Every entry below should be repeated exactly; the pictures should not.

╭─ DATA TO PROCESS

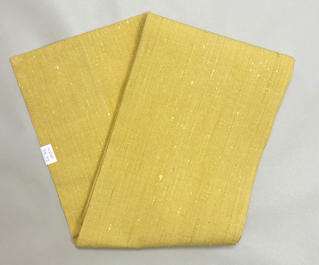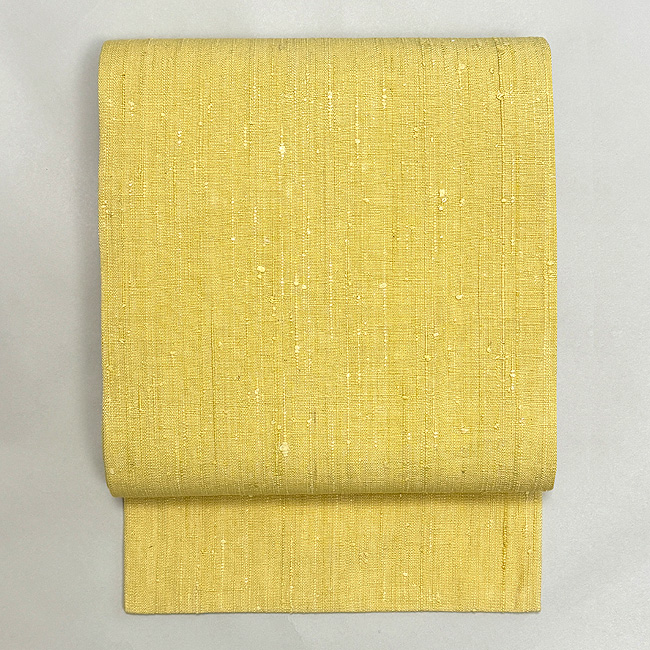 浦野理一作 縦節紬レモンイエローの名古屋帯 帯24-01-27 ご売約済
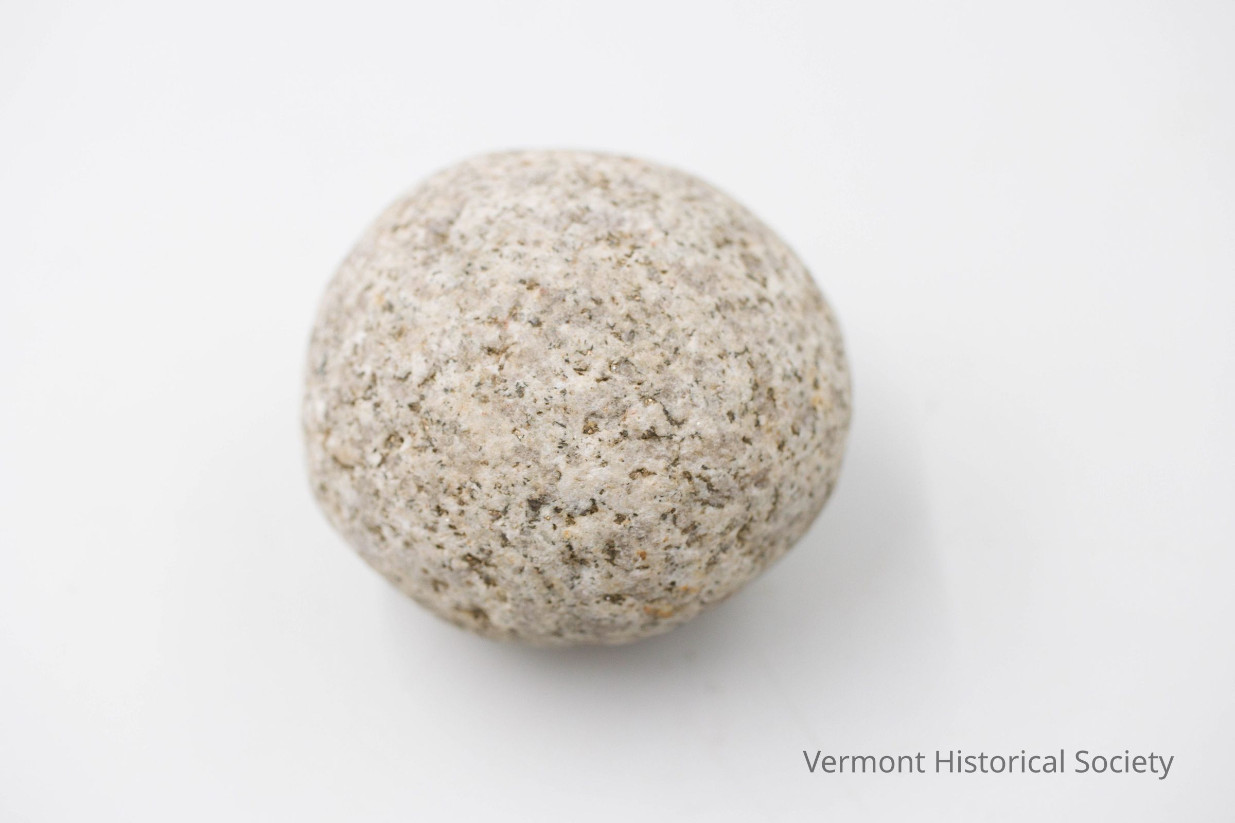 Naturally formed round rock. One side of the rock is labeled "Glacial Pebble, Vermont" in white ink on yellowed varnish barrier.Acquisition
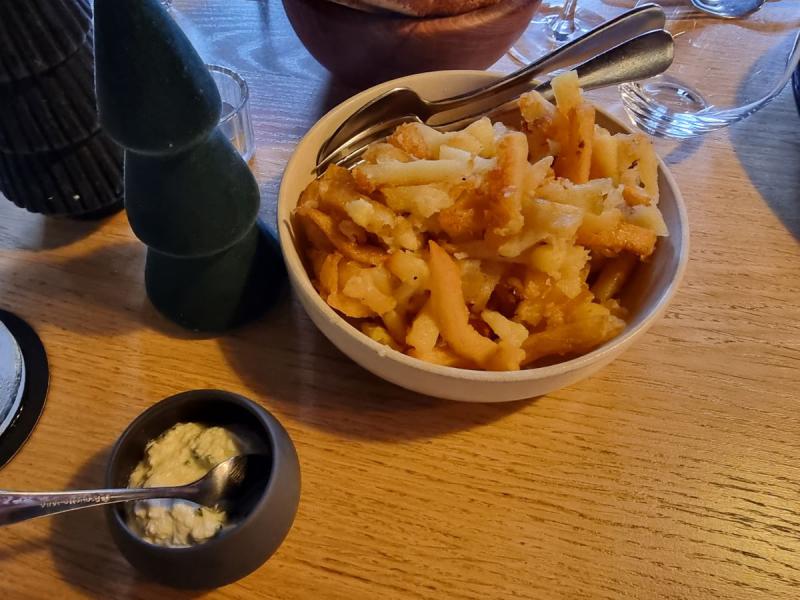 Nos plats furent accompagnés de pommes de terre rôties ainsi que d'un fromage aillé et persillé !
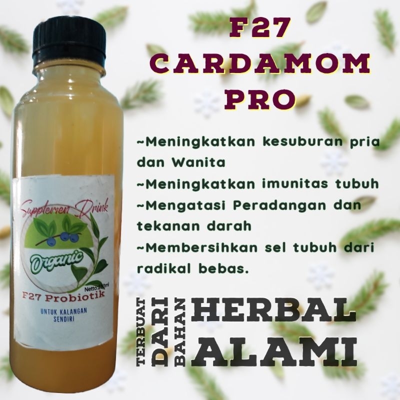 30 ml F27 Cardamom Pro bisa dicampur 100 ml air minum agar cepat di serap tubuh. sebaik diminum 1jam setelah minum obat..
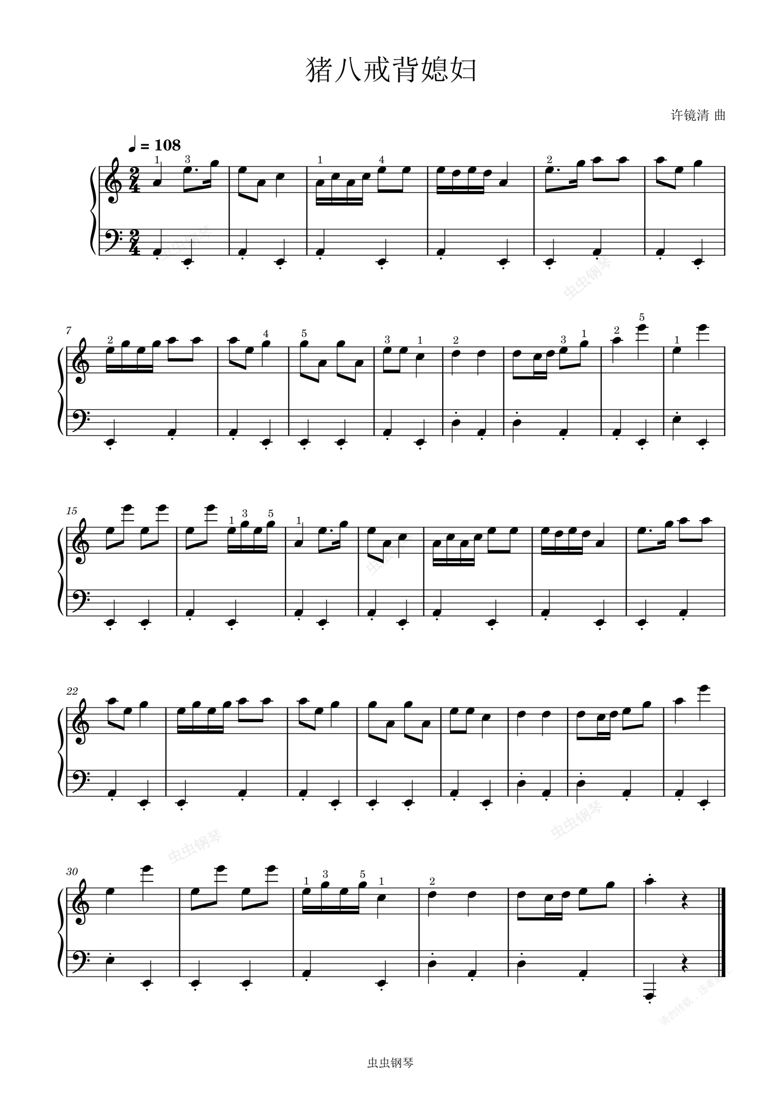 钢琴谱:猪八戒背媳妇
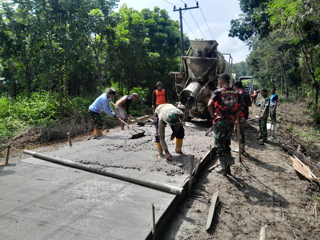 Batas waktu untuk penyelesain pengecoran Jalan kiranya pada awal bulan juni mendatang.Oleh karena itu semua tenaga di upayakan baik dari anggota satgas maupun masyarakat sekitar.
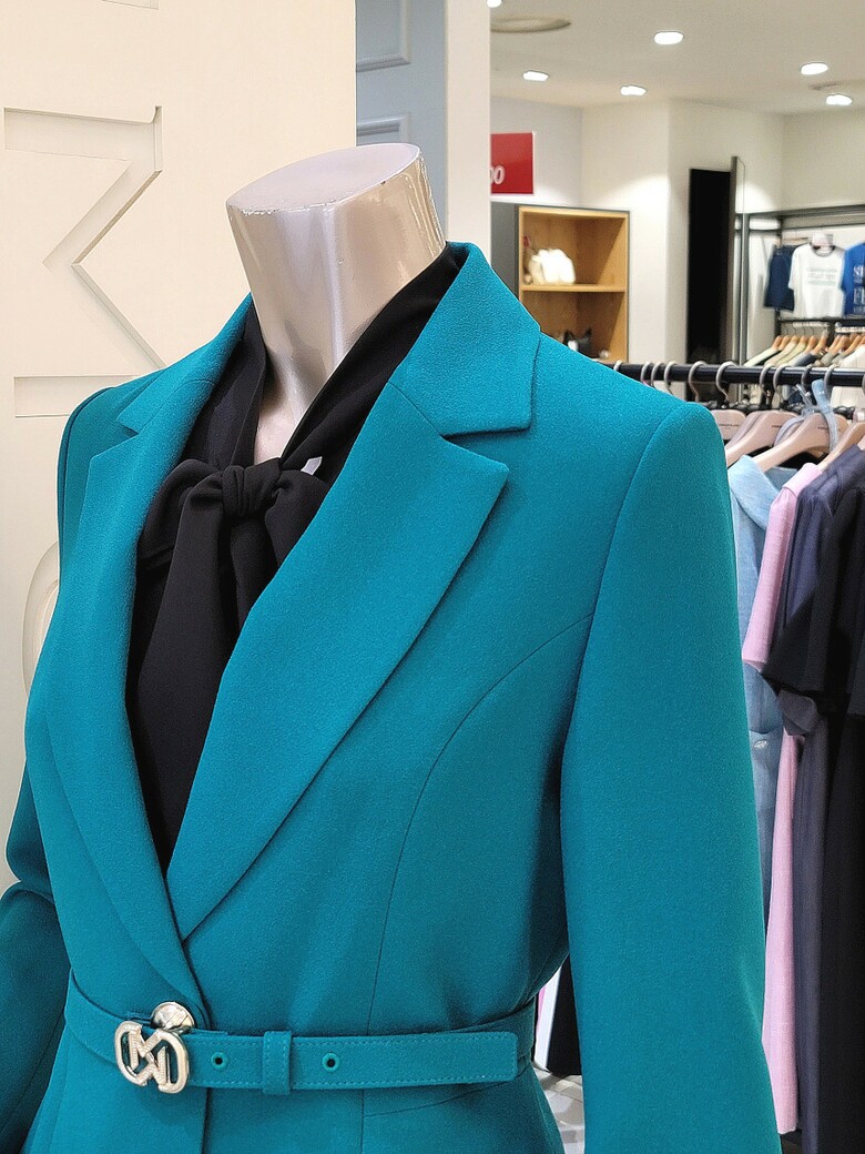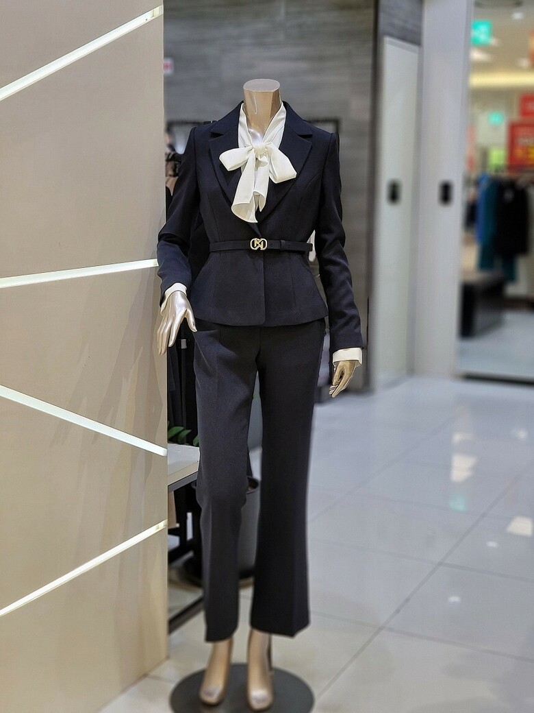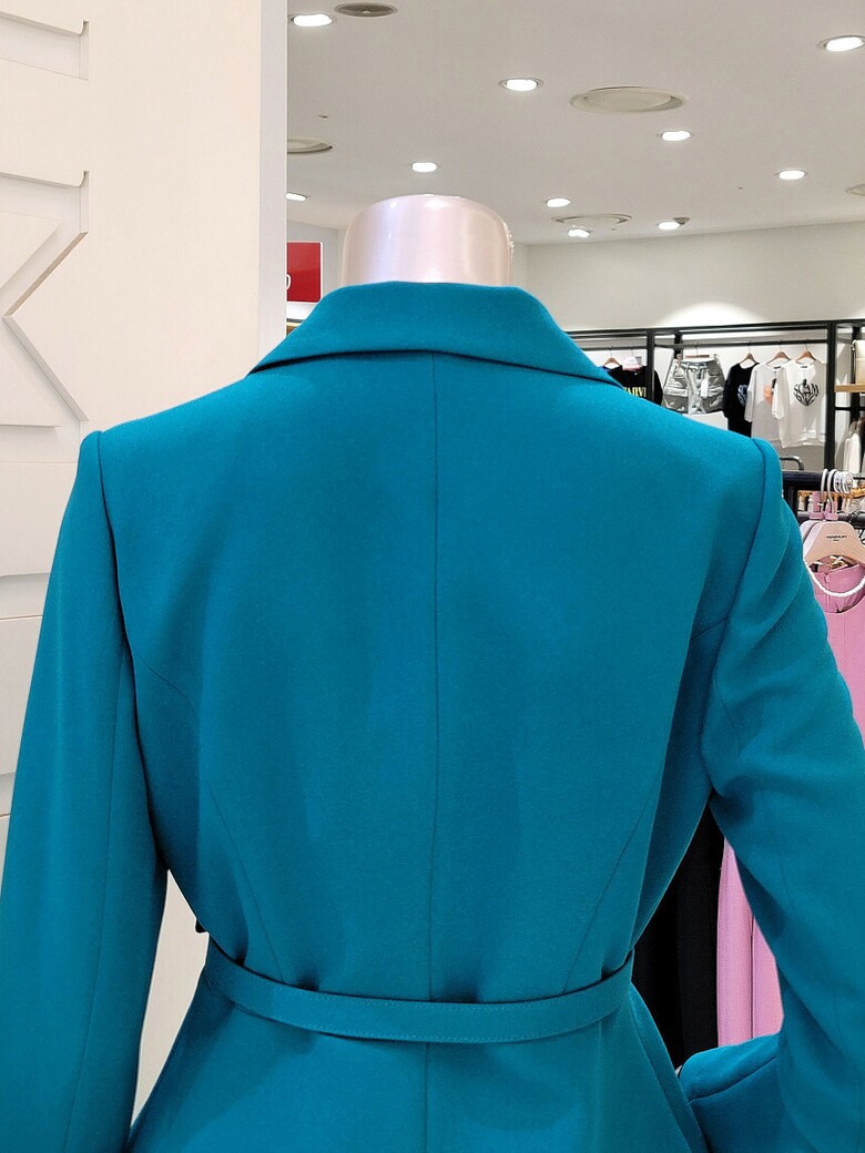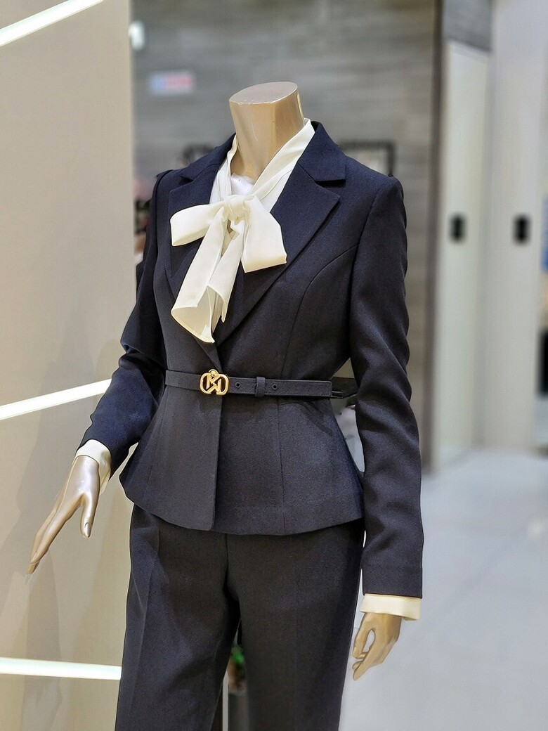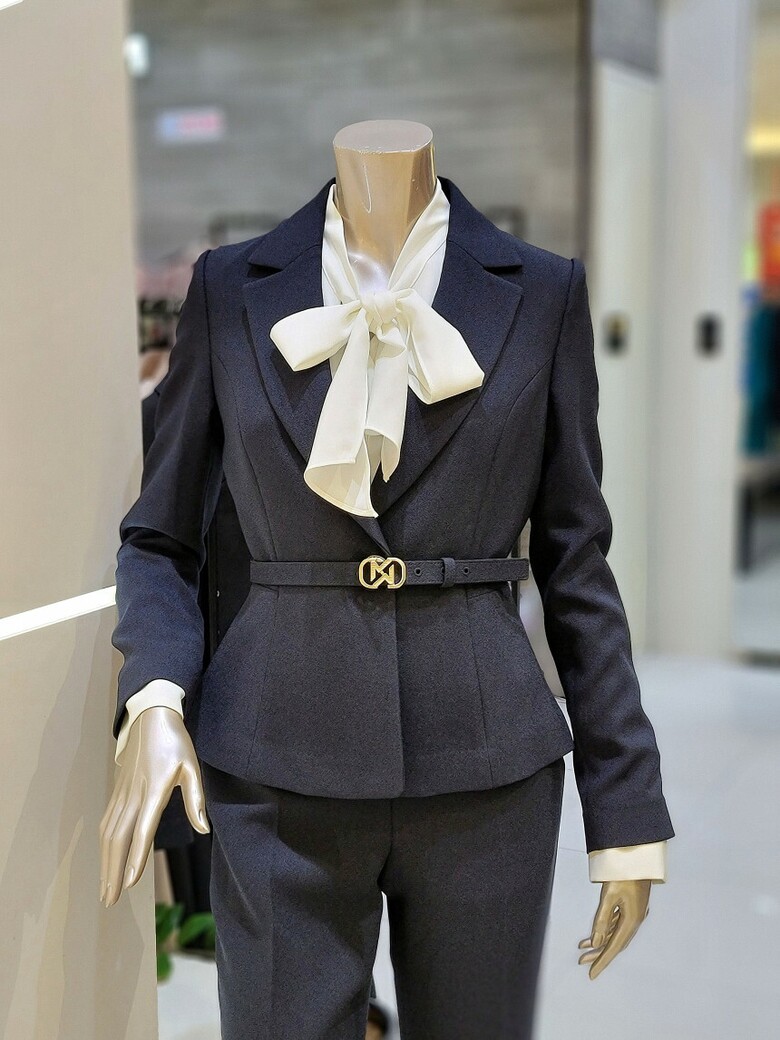 오픈칼라로 네크 맵시를 한층 더하며 슬림한 허리 핏의

╰─

SOLUTION TO THIS TASK:
 浦野理一作 縦節紬レモンイエローの名古屋帯 帯24-01-27 ご売約済
 Naturally formed round rock. One side of the rock is labeled "Glacial Pebble, Vermont" in white ink on yellowed varnish barrier.Acquisition
 Nos plats furent accompagnés de pommes de terre rôties ainsi que d'un fromage aillé et persillé !
 30 ml F27 Cardamom Pro bisa dicampur 100 ml air minum agar cepat di serap tubuh. sebaik diminum 1jam setelah minum obat..
 钢琴谱:猪八戒背媳妇
 Batas waktu untuk penyelesain pengecoran Jalan kiranya pada awal bulan juni mendatang.Oleh karena itu semua tenaga di upayakan baik dari anggota satgas maupun masyarakat sekitar.
 오픈칼라로 네크 맵시를 한층 더하며 슬림한 허리 핏의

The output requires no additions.